The demand for maintenance and disposal of related facilities in Southeast Asia is expected to grow in the coming years. Investment in the Great Morra shipyard through a public-private partnership began in 2022 and is expected to be completed in 2025. If successful, the integrated storage yard project is expected to bring more employment and income opportunities, the report said. This should help reduce the oil and gas sector's share of GDP, which is currently about 50 per cent.

Growth prospects depend largely on a recovery in oil and gas production. Risks are skewed to the downside. Limited private investment in maintenance and renewal in previous years could reduce the operating rate of production facilities, thereby reducing the future output of the oil and gas industry.

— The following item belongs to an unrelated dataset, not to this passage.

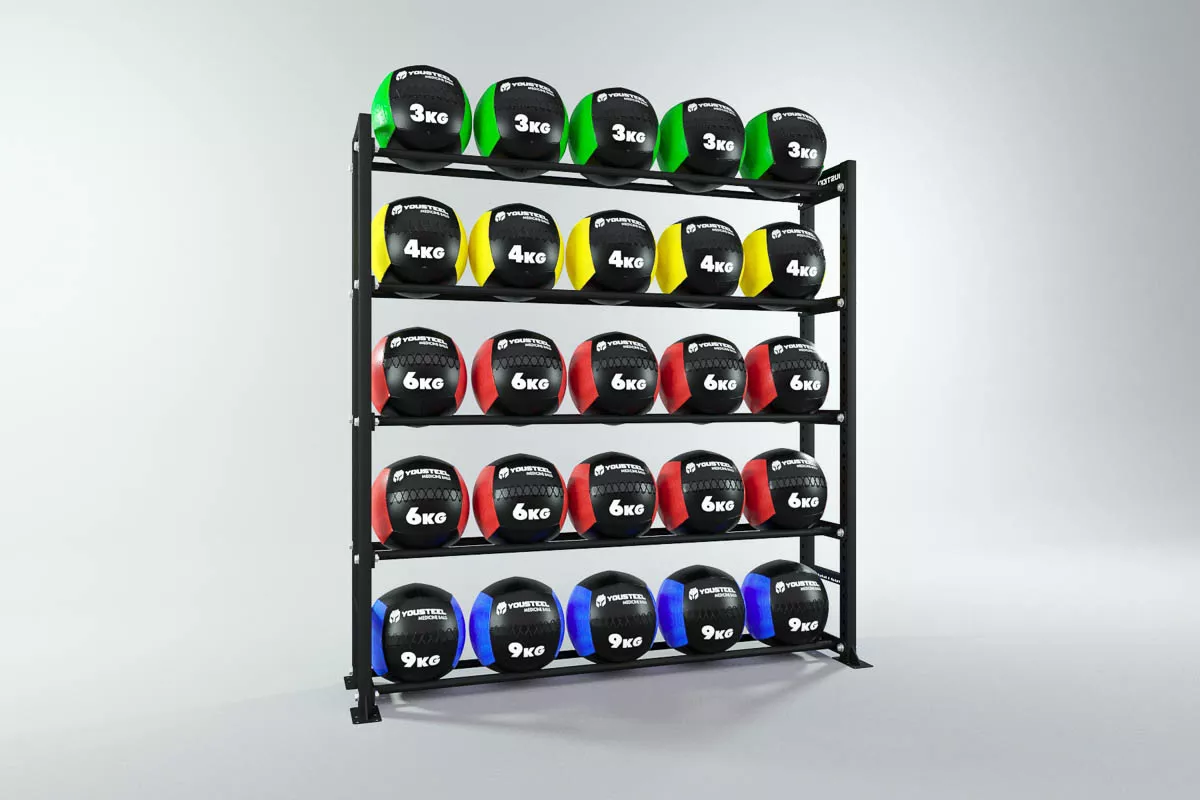 Модульные стеллажи YOUSTEEL – универсальное и простое решение по организации эффективного хранения вашего оборудования в зале. Они отлично вписываются в интерьер любого спортивного зала. Стеллаж YOUSTEEL изготавливаются из стали толщиной 3 мм, поверхность покрыта порошковой краской.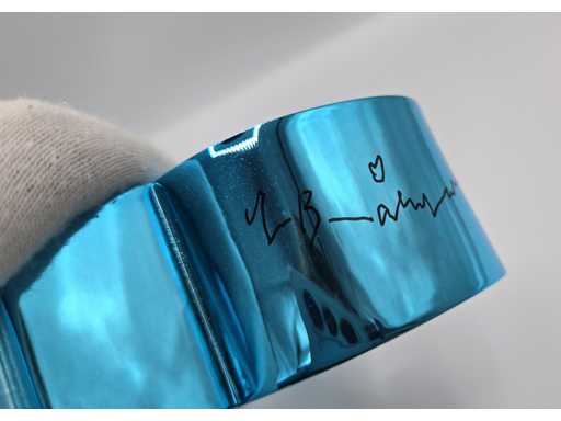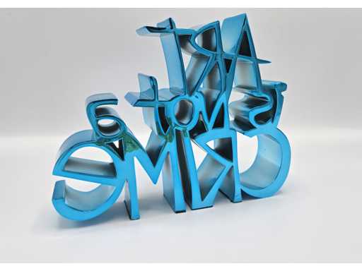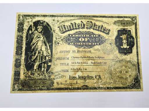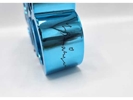 "Art Is Not a Crime (Chrome Blue)" is een limited edition hars sculptuur van Mr. Brainwash, genummerd en met de hand gesigneerd door de kunstenaar. Inclusief certificaat van echtheid. Geschatte afmetingen 8 "x 6.5" x 2".

The government recognises that heightened geopolitical tensions pose a downside risk to economic growth and an upside risk to inflation, as it could depress oil prices due to weak global demand and increase production costs due to supply chain disruptions. However, the rise in international energy prices, if more sustained than currently expected, will be a driving force for the country's trade and fiscal balance over the forecast period.